> [What you will do]: Could you give the data below again exactly, apart from the pictures?

> [Provided data]:

----

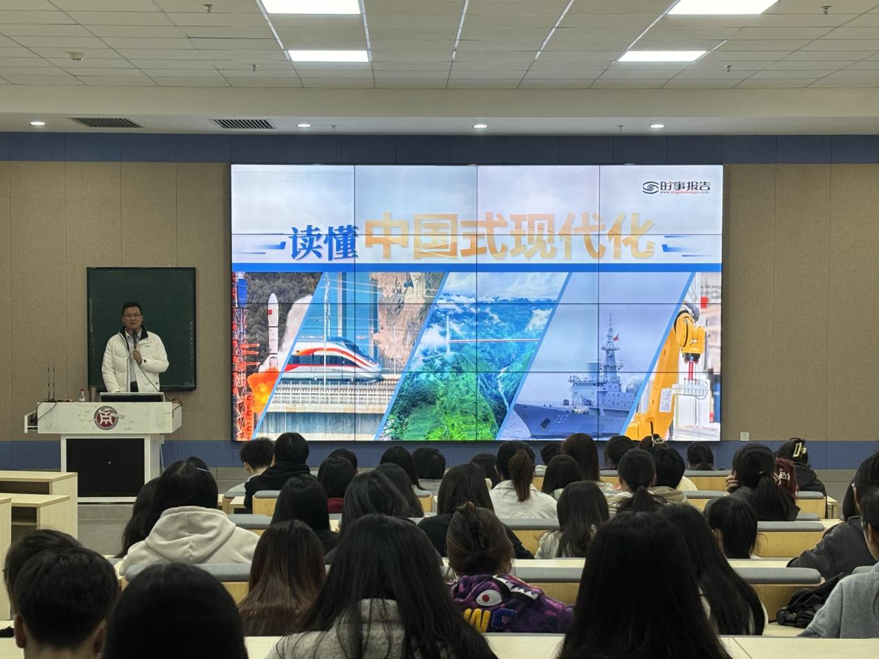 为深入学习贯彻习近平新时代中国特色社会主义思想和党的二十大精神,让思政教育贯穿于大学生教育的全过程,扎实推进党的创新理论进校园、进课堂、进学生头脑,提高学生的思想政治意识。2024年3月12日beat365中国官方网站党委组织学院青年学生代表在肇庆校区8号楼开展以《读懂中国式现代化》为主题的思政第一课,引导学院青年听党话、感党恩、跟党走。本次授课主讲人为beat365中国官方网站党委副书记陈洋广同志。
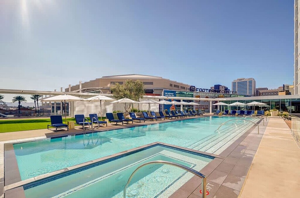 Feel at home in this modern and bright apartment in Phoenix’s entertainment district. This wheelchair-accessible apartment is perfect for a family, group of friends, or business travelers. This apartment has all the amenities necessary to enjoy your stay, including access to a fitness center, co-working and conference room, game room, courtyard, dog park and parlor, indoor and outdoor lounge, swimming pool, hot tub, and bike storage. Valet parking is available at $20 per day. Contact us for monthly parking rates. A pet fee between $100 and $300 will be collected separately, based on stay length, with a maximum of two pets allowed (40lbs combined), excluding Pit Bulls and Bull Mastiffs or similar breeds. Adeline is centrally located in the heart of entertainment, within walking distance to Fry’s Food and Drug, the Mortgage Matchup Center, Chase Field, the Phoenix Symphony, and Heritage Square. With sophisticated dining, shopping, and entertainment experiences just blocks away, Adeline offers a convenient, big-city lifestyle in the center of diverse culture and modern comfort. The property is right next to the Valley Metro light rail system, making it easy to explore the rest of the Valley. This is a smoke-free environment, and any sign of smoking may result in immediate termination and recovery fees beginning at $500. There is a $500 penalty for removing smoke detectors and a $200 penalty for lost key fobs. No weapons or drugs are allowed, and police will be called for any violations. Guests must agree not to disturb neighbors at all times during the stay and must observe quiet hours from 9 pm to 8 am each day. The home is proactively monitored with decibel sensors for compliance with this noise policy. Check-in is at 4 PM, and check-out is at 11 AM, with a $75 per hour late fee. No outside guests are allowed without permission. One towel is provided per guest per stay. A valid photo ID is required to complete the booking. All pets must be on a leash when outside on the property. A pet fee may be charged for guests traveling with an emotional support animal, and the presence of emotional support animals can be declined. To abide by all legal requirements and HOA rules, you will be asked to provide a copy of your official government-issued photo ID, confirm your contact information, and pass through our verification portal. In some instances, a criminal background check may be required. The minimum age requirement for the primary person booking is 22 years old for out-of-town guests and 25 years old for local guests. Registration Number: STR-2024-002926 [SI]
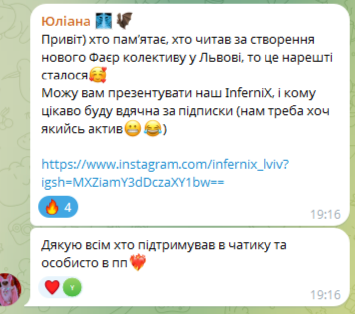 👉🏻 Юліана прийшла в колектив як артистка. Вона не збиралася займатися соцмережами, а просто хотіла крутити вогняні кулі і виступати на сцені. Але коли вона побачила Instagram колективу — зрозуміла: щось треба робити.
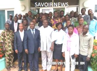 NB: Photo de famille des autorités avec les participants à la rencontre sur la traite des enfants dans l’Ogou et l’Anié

----

> [Answer to this exercise]:
 为深入学习贯彻习近平新时代中国特色社会主义思想和党的二十大精神,让思政教育贯穿于大学生教育的全过程,扎实推进党的创新理论进校园、进课堂、进学生头脑,提高学生的思想政治意识。2024年3月12日beat365中国官方网站党委组织学院青年学生代表在肇庆校区8号楼开展以《读懂中国式现代化》为主题的思政第一课,引导学院青年听党话、感党恩、跟党走。本次授课主讲人为beat365中国官方网站党委副书记陈洋广同志。
 Feel at home in this modern and bright apartment in Phoenix’s entertainment district. This wheelchair-accessible apartment is perfect for a family, group of friends, or business travelers. This apartment has all the amenities necessary to enjoy your stay, including access to a fitness center, co-working and conference room, game room, courtyard, dog park and parlor, indoor and outdoor lounge, swimming pool, hot tub, and bike storage. Valet parking is available at $20 per day. Contact us for monthly parking rates. A pet fee between $100 and $300 will be collected separately, based on stay length, with a maximum of two pets allowed (40lbs combined), excluding Pit Bulls and Bull Mastiffs or similar breeds. Adeline is centrally located in the heart of entertainment, within walking distance to Fry’s Food and Drug, the Mortgage Matchup Center, Chase Field, the Phoenix Symphony, and Heritage Square. With sophisticated dining, shopping, and entertainment experiences just blocks away, Adeline offers a convenient, big-city lifestyle in the center of diverse culture and modern comfort. The property is right next to the Valley Metro light rail system, making it easy to explore the rest of the Valley. This is a smoke-free environment, and any sign of smoking may result in immediate termination and recovery fees beginning at $500. There is a $500 penalty for removing smoke detectors and a $200 penalty for lost key fobs. No weapons or drugs are allowed, and police will be called for any violations. Guests must agree not to disturb neighbors at all times during the stay and must observe quiet hours from 9 pm to 8 am each day. The home is proactively monitored with decibel sensors for compliance with this noise policy. Check-in is at 4 PM, and check-out is at 11 AM, with a $75 per hour late fee. No outside guests are allowed without permission. One towel is provided per guest per stay. A valid photo ID is required to complete the booking. All pets must be on a leash when outside on the property. A pet fee may be charged for guests traveling with an emotional support animal, and the presence of emotional support animals can be declined. To abide by all legal requirements and HOA rules, you will be asked to provide a copy of your official government-issued photo ID, confirm your contact information, and pass through our verification portal. In some instances, a criminal background check may be required. The minimum age requirement for the primary person booking is 22 years old for out-of-town guests and 25 years old for local guests. Registration Number: STR-2024-002926 [SI]
 👉🏻 Юліана прийшла в колектив як артистка. Вона не збиралася займатися соцмережами, а просто хотіла крутити вогняні кулі і виступати на сцені. Але коли вона побачила Instagram колективу — зрозуміла: щось треба робити.
 NB: Photo de famille des autorités avec les participants à la rencontre sur la traite des enfants dans l’Ogou et l’Anié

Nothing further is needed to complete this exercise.